Director: Mike Leigh

Cast: Sally Hawkins, Eddie Marsan 

The Buzz: Nominated in the Best Original Screenplay category

The Run: Won the Golden Globe for Best Actress (Comedy or Musical)

Happy-Go-Lucky

Let's Put A Smile On That Face!

Mike Leigh’s Happy-Go-Lucky is about a teacher. This is just about the surety that one can bring in when describing its central character, Pauline aka Poppy. Narrated in a seemingly coherent string of episodes, Happy-Go-Lucky unfolds as much as it conceals. Poppy is a character we could easily meet life – easy to ridicule and easier to pass judgments on. Sally Hawkins should have replaced Jolie in the big list.  

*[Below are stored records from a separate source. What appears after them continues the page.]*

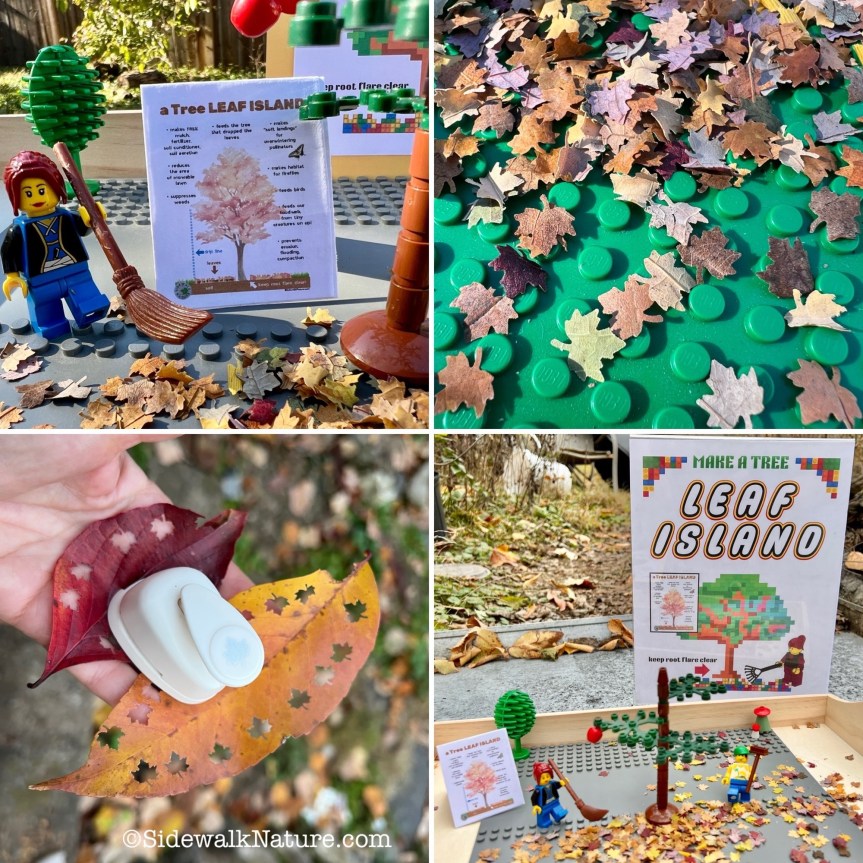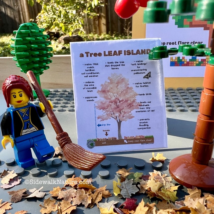 I used a punch to make LEGO leaves from real tree leaves so the minifigs could rake and sweep the real thing.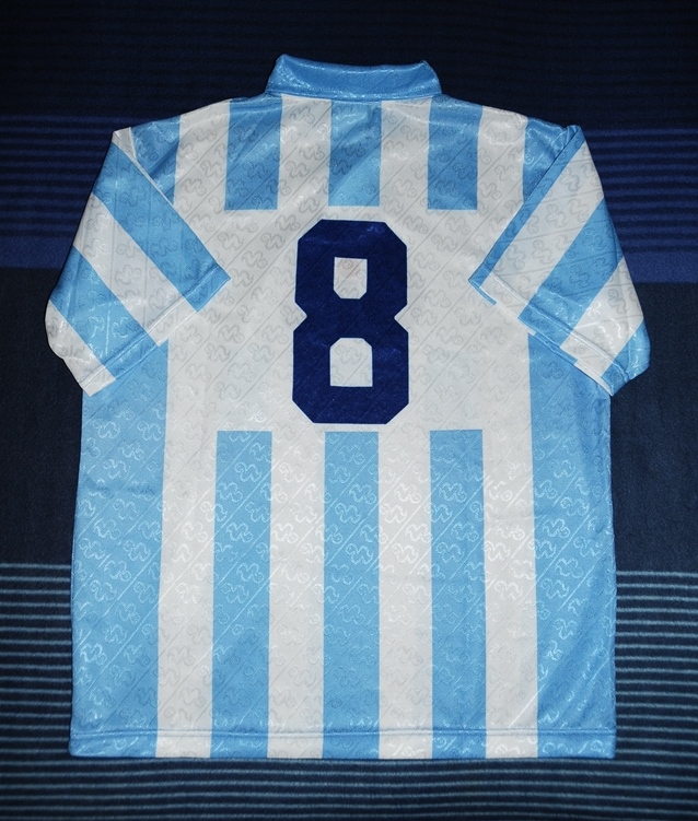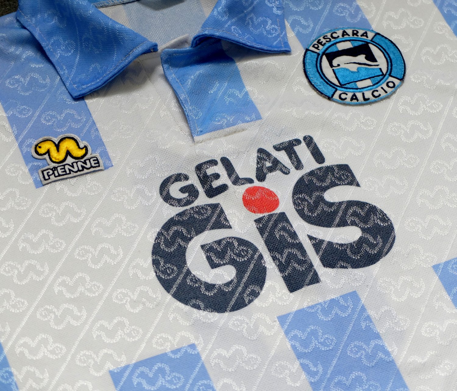 Original Pescara shirt, made by Pienne, sponsored by Gelati GIS. Pescara played in Serie A at the time, although not for long, and wore three different shirts; this tended to be the one they wore at home. The charming Pienne worm/snake logo and club badge are sewn on, while the sponsor is printed, as is the number (8).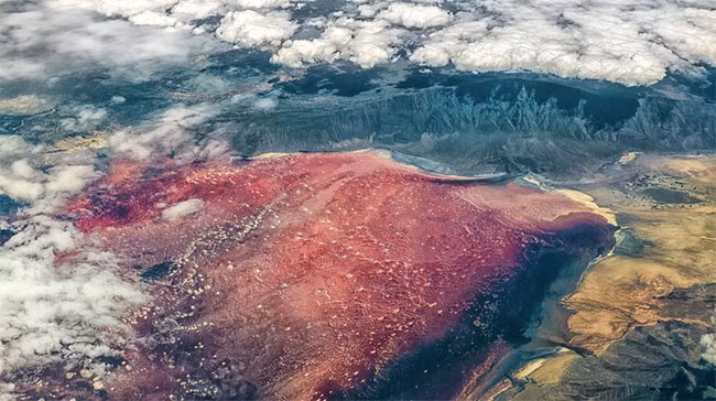 Nó có thể trông giống như một cảnh quan ngoài trái đất, nhưng hình ảnh siêu thực này thực sự là bức ảnh của Hồ Natron ở Tanzania. Lớp vỏ muối kiềm trên bề mặt hồ rất nguy hiểm đến nỗi tất cả sinh vật sống chết chỉ sau khi tiếp xúc với nó. Vì lý do rõ ràng này nên bơi lội trong hồ bị nghiêm cấm, và mùi mạnh của hydrogen sulphide đến từ mặt hồ sẽ không cho phép bạn chiêm ngưỡng cảnh quan tuyệt đẹp này.

Mike Leigh does not give us easy answers and predictable characters. Look at how complex the character Poppy is. She is a teacher but is always seen learning things. She looks naïve but seems to know more than what shows. She is irritating to the core. Yet she seems to mean good. She tries to bring happiness in people’s lives, but not the momentarily gratifying one. God knows what she wants. But all this is not a result of bad writing, mind you. Leigh never allows anyone, neither the audience nor his own characters, to judge Poppy. The characters’ privacy is never jeopardized and they constantly dodge analysis. One is unable to even come to a conclusion like “Poppy is…” or “She likes…”. I can only repeat the strange man that Poppy seems to empathize with: “She is, she is, she is, she is, she is, she is,…. You know?”  But what is sure is that Happy-Go-Lucky is rooted firmly in contemporary reality like a very few films. And it does this without ever beating its chest out.

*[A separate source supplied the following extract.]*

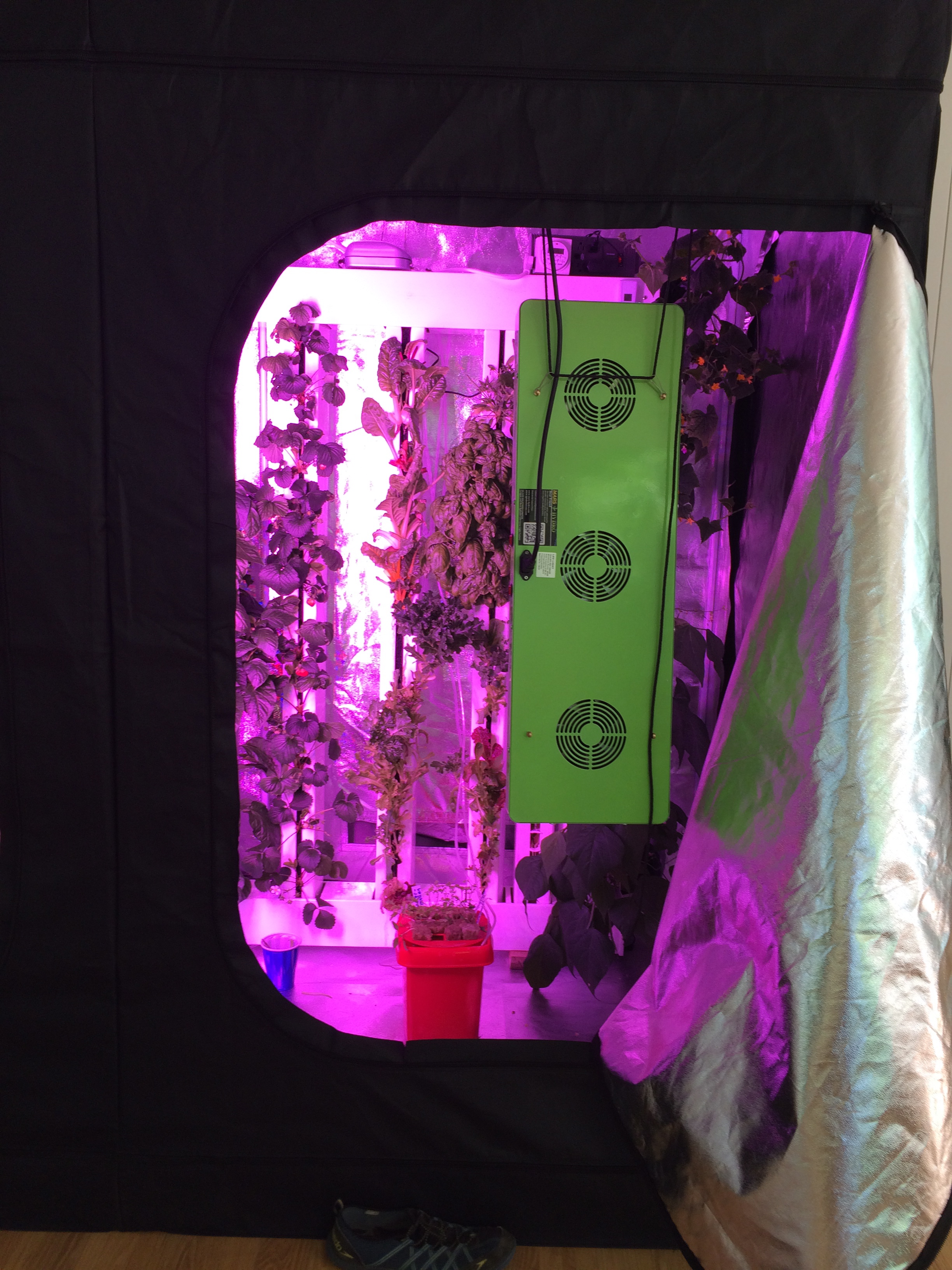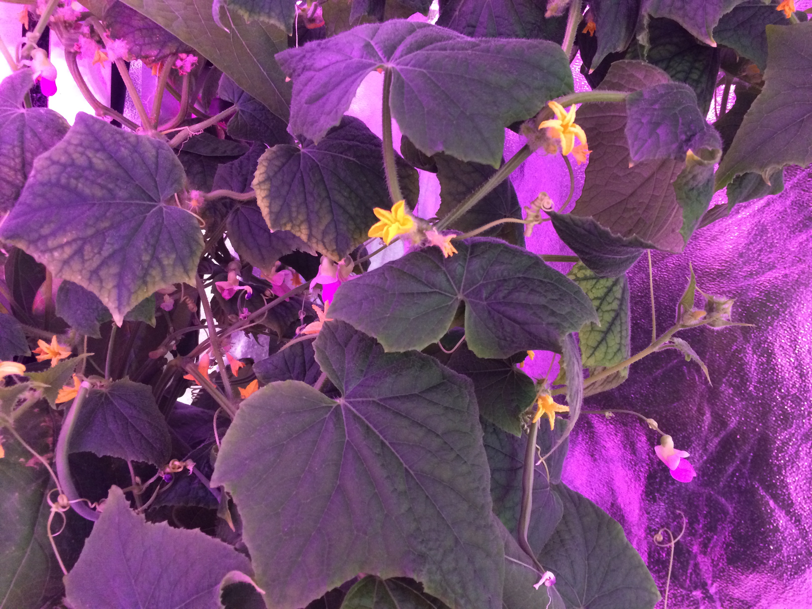 The light is actually red right now; it varies from green to blue to red depending on what is going on with the plants (blooming, producing fruit, resting). The yellow blooms are cucumbers. The pink blooms are string beans.

And then there is Eddie Marsan. This bloke should have been given one of those Oscar nods. He matches Poppy’s intensity and brings such unbridled energy into the most mundane of conversations that you start looking forward to these driving classes yourself.  The blink-and-you’ll-miss lines are all damn funny, all in the British way, but after a point seem to staged and more than spontaneous. But one thing, I would never want to meet a Poppy in my life!